Available data:
※
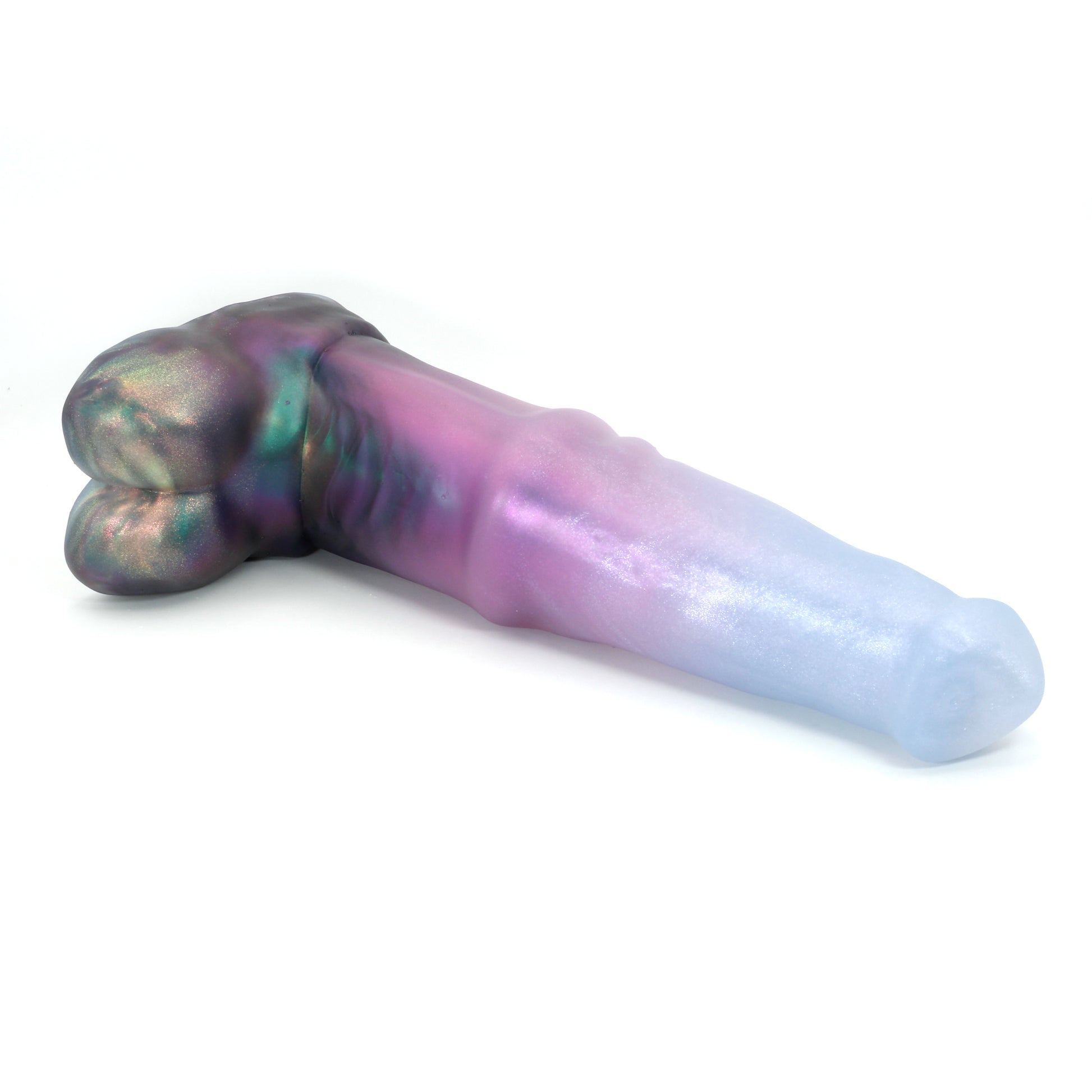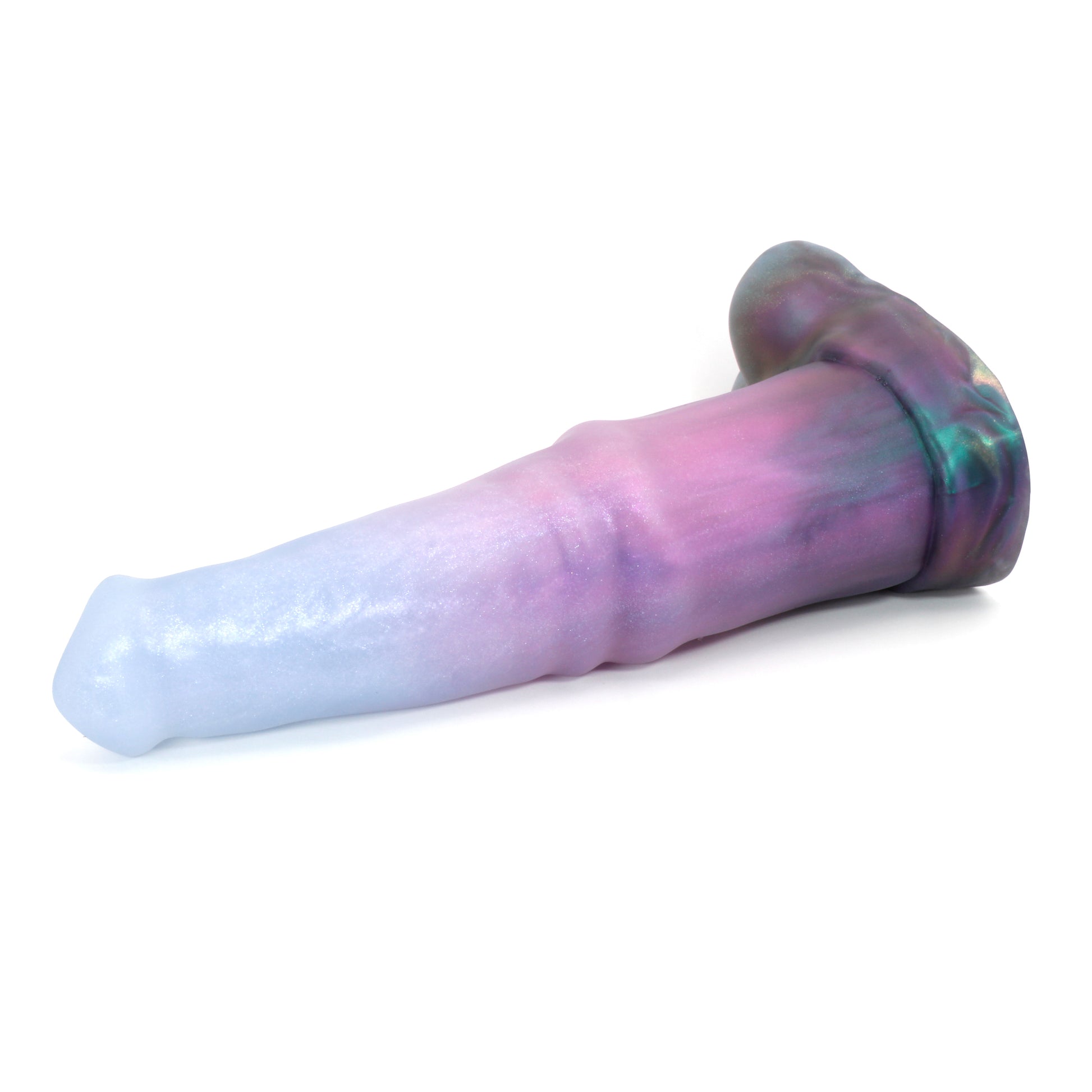 Please Note : This product is made with Near Clear Platinum Cure Silicone, there is an increased chance of bubble marks on the underside of the base, we do not consider this a flop and does not render the toy unsafe. Discoloration may be more obvious than standard Platinum Cure. Oil Based lubes and bodily fluids may stain, be sure to clean before and after every use with mild unscented soap.
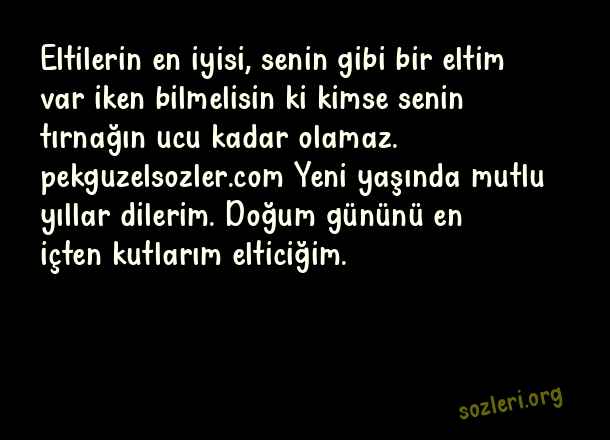 Eltilerin en iyisi, senin gibi bir eltim var iken bilmelisin ki kimse senin tırnağın ucu kadar olamaz. Yeni yaşında mutlu yıllar dilerim. Doğum gününü en içten kutlarım elticiğim. ( Eltiye Doğum Günü )
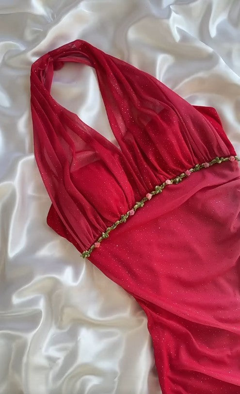 Vintage Gradient Red Halter Sheath Party Dress Elegant Gothic Glitter Chiffon Prom Dress ED02022
※
Exercise aim: Write out exactly, and only, the lines running from the line with "Eltilerin en iyisi, senin" to the last line above, both included, with all pictures omitted.

Exercise response:
 Eltilerin en iyisi, senin gibi bir eltim var iken bilmelisin ki kimse senin tırnağın ucu kadar olamaz. Yeni yaşında mutlu yıllar dilerim. Doğum gününü en içten kutlarım elticiğim. ( Eltiye Doğum Günü )
 Vintage Gradient Red Halter Sheath Party Dress Elegant Gothic Glitter Chiffon Prom Dress ED02022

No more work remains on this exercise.